__Data shown__.
= Beginning of Section =

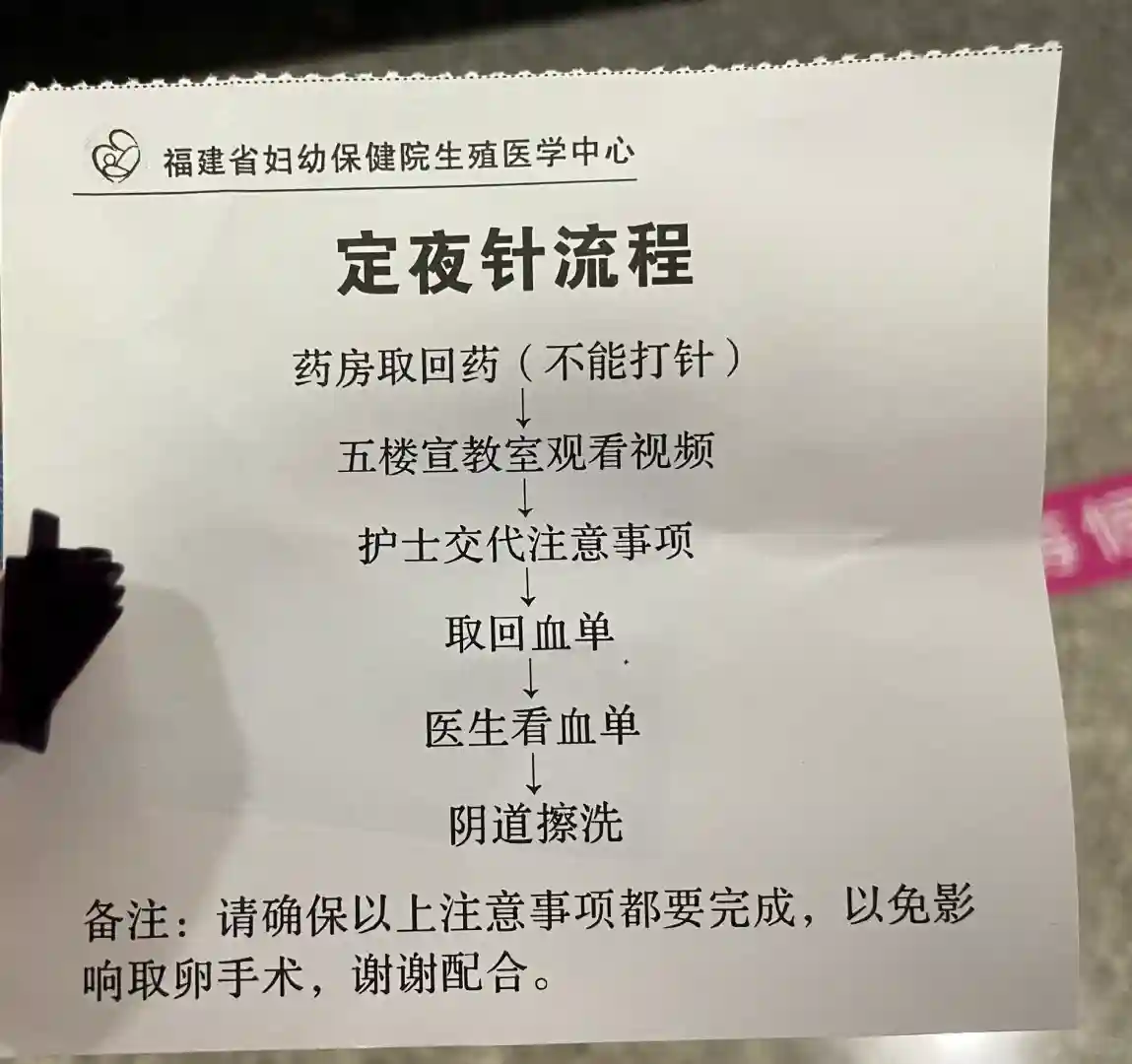 门诊做B超的时候准备进行了擦洗,定夜针之后先去药房取药,然后去5楼宣教看视频,听护士谈话,护士会给你写好晚上是几点的夜针,要遵守这个时间去打针(大概10点谈话,谈完再下去看血单)
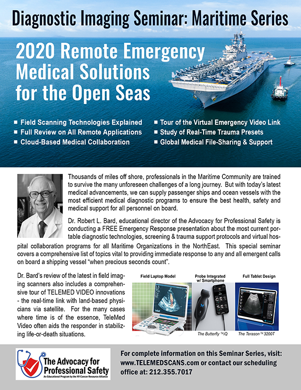 Flyer: (Maritime 2) "Portable Ultrasound Goes Anywhere" (1pg) (updated content + Clarius image)= Educational Seminar- Med Diagnostic Programs
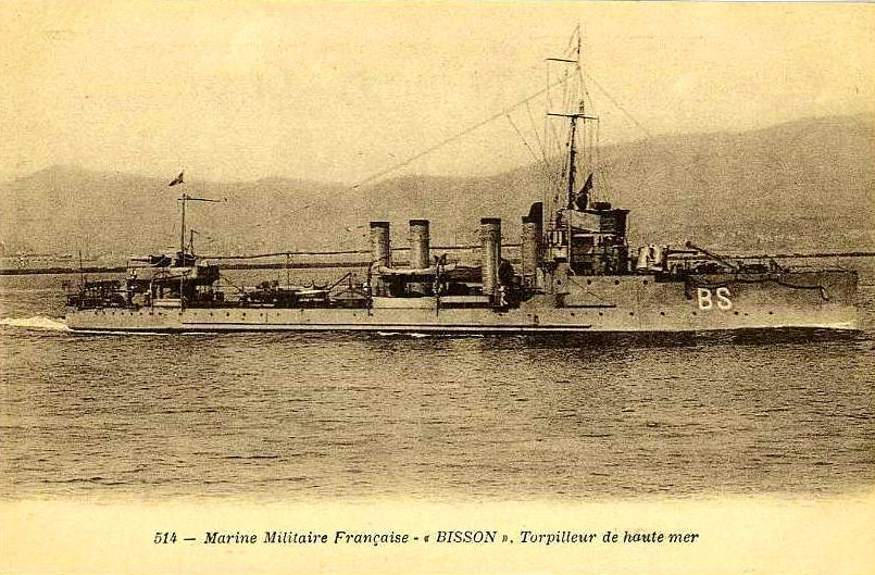 The ship found itself in combat on numerous occasions, repelling the U-4 submarine after the attack on the battleship Dublin and sinking the U-3 when it attacked merchant ships. The Bisson was also launched on many occasions in pursuit of ships, but was never able to engage them, as they were either too fast or too well armed and armored for it. At the end of the war, the Bisson was deployed to the Black Sea to escort French battleships tasked with protecting the Russian fleet. The ship was finally decommissioned in 1933 and scrapped in 1939.

= End of Section =

__What this task involves__.
Make an exact copy of the lines from the one holding "Flyer: (Maritime 2)" through the end of the material, both ends included, and keep the pictures out of it.

__Solution for this exercise__.
 Flyer: (Maritime 2) "Portable Ultrasound Goes Anywhere" (1pg) (updated content + Clarius image)= Educational Seminar- Med Diagnostic Programs
 The ship found itself in combat on numerous occasions, repelling the U-4 submarine after the attack on the battleship Dublin and sinking the U-3 when it attacked merchant ships. The Bisson was also launched on many occasions in pursuit of ships, but was never able to engage them, as they were either too fast or too well armed and armored for it. At the end of the war, the Bisson was deployed to the Black Sea to escort French battleships tasked with protecting the Russian fleet. The ship was finally decommissioned in 1933 and scrapped in 1939.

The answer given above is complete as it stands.